# [What you have to do]
Retype each line below precisely and omit all images.

***

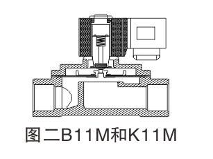 该阀代号M系列,依据膜片运动封腔泄压设计,阀分为常闭型和常开型两种。原理:常闭型(常态,呈关闭状态),当线圈通电时,产生电磁力使动铁芯和静铁芯吸合,随着动铁芯上移,直拉开启膜片上小阀口,在卸流卸压的同时,经过中间弹簧复拉提升密封膜片,使膜片向上运动从而开启主阀,介质通过。当线圈断电时,电磁力消失,此时动铁芯在复位弹簧和介质压力的同时作用下,依次关闭主阀,介质断。复拉膜片结构,可实现零压差启动。常开型工作原理正好相反。如图二: B11M和K11M电磁阀。
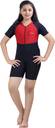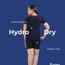 Featuring four-way stretch fabric and soft materials, this half-length bodysuit offers flexible movement and all-day comfort. Thanks to the hydro dry design, it keeps wearers feeling fresh and dry during swimming sessions, allowing for uninterrupted fun. The zip closure enhances convenience, making it easy to put on and take off. With irritation-free construction, this swim-dress ensures a smooth experience, ideal for active girls who want to focus on enjoying their time in the water.
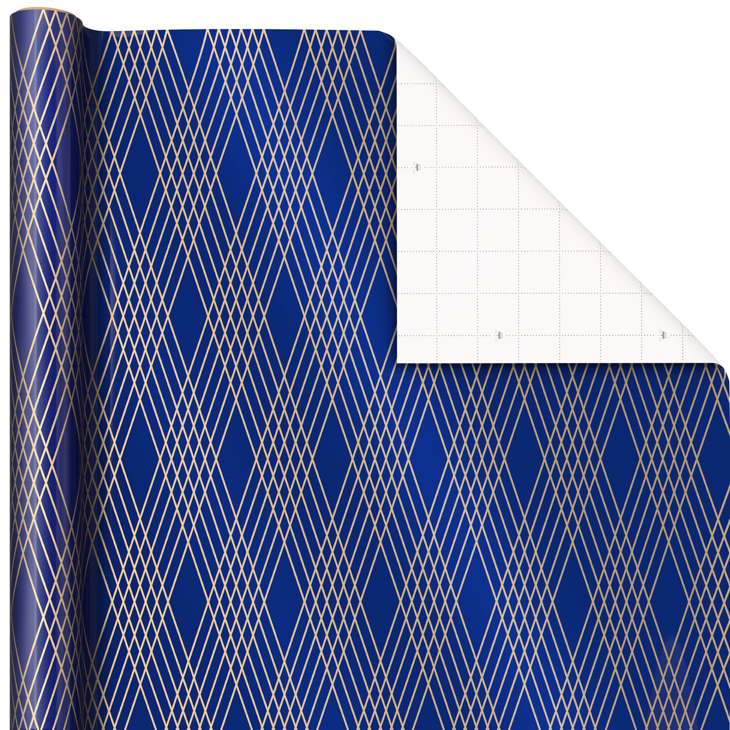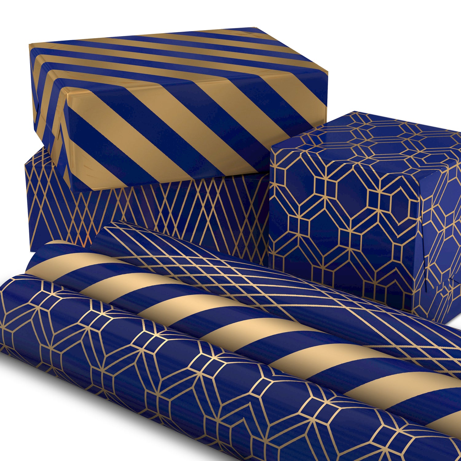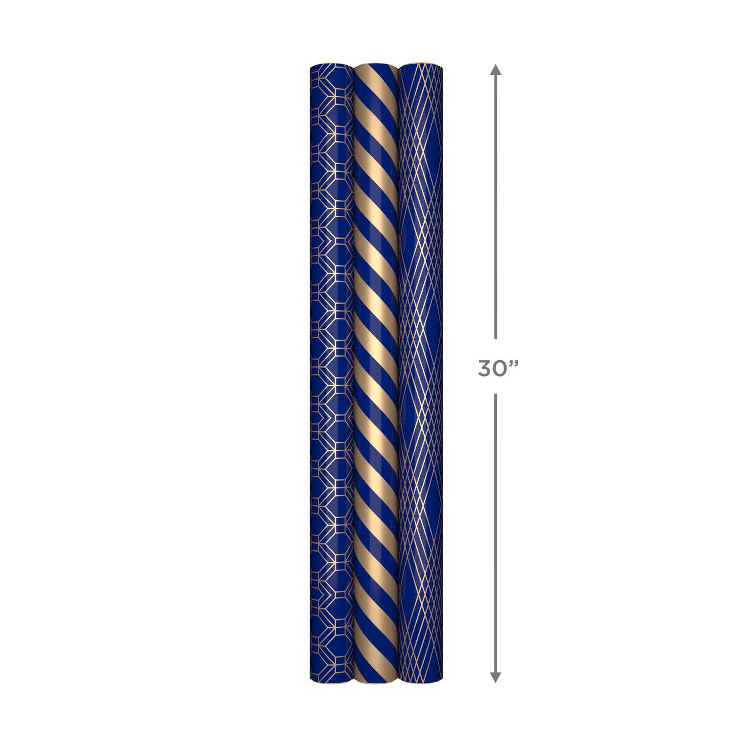 Hallmark All Occasion Wrapping Paper Bundle with Cut Lines on Reverse - Dark Blue and Gold (3-Pack: 105 sq. ft. ttl.) for Birthdays, Weddings, Valentine's Day, Graduations, Father's Day
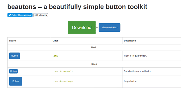 Beautons یک کتابخانه برای دکمه ها است که تماما بر اساس سادگی ساخته شده است. می توانید در بین اندازه ها، استایل ها و دکمه های مختلف انتخاب کنید. کلاس های سی اس اس در این حالت می توانند با هم مخلوط شوند و در نهایت می توانید استایل متفاوتی را بسازید.
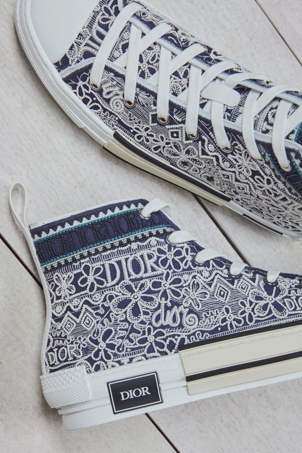 Held on the eve of Art Basel, Kim Jones showcased his Fall 2020 collection for Dior Men in a space across the Rubell Museum, where celebrities like Kim Kardashian West, Maluma, and David Beckham were all in attendance. The show featured two unique collaborations with Shawn Stussy and Air Jordan 1 sneakers, and utilized a range of colorful prints, textures, and graffiti-like patterns. The show was also nod to Christian Dior's beginnings as a gallerist, further bridging the worlds of art and fashion. See below for some behind-the-scenes shots of the final fittings, captured by photographer Jackie Nickerson.
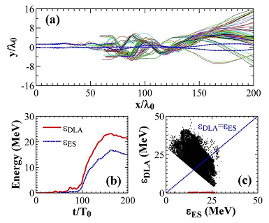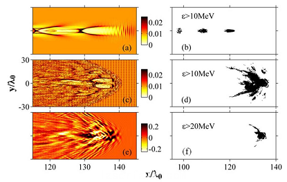 圖4.模擬顯示團(tuán)簇使DLA機(jī)制得以激發(fā),電子從橫向獲得能量和很大波蕩幅度,利于betatron輻射產(chǎn)額的提升

***

# [Your solution]
 该阀代号M系列,依据膜片运动封腔泄压设计,阀分为常闭型和常开型两种。原理:常闭型(常态,呈关闭状态),当线圈通电时,产生电磁力使动铁芯和静铁芯吸合,随着动铁芯上移,直拉开启膜片上小阀口,在卸流卸压的同时,经过中间弹簧复拉提升密封膜片,使膜片向上运动从而开启主阀,介质通过。当线圈断电时,电磁力消失,此时动铁芯在复位弹簧和介质压力的同时作用下,依次关闭主阀,介质断。复拉膜片结构,可实现零压差启动。常开型工作原理正好相反。如图二: B11M和K11M电磁阀。
 Featuring four-way stretch fabric and soft materials, this half-length bodysuit offers flexible movement and all-day comfort. Thanks to the hydro dry design, it keeps wearers feeling fresh and dry during swimming sessions, allowing for uninterrupted fun. The zip closure enhances convenience, making it easy to put on and take off. With irritation-free construction, this swim-dress ensures a smooth experience, ideal for active girls who want to focus on enjoying their time in the water.
 Hallmark All Occasion Wrapping Paper Bundle with Cut Lines on Reverse - Dark Blue and Gold (3-Pack: 105 sq. ft. ttl.) for Birthdays, Weddings, Valentine's Day, Graduations, Father's Day
 Beautons یک کتابخانه برای دکمه ها است که تماما بر اساس سادگی ساخته شده است. می توانید در بین اندازه ها، استایل ها و دکمه های مختلف انتخاب کنید. کلاس های سی اس اس در این حالت می توانند با هم مخلوط شوند و در نهایت می توانید استایل متفاوتی را بسازید.
 Held on the eve of Art Basel, Kim Jones showcased his Fall 2020 collection for Dior Men in a space across the Rubell Museum, where celebrities like Kim Kardashian West, Maluma, and David Beckham were all in attendance. The show featured two unique collaborations with Shawn Stussy and Air Jordan 1 sneakers, and utilized a range of colorful prints, textures, and graffiti-like patterns. The show was also nod to Christian Dior's beginnings as a gallerist, further bridging the worlds of art and fashion. See below for some behind-the-scenes shots of the final fittings, captured by photographer Jackie Nickerson.
 圖4.模擬顯示團(tuán)簇使DLA機(jī)制得以激發(fā),電子從橫向獲得能量和很大波蕩幅度,利于betatron輻射產(chǎn)額的提升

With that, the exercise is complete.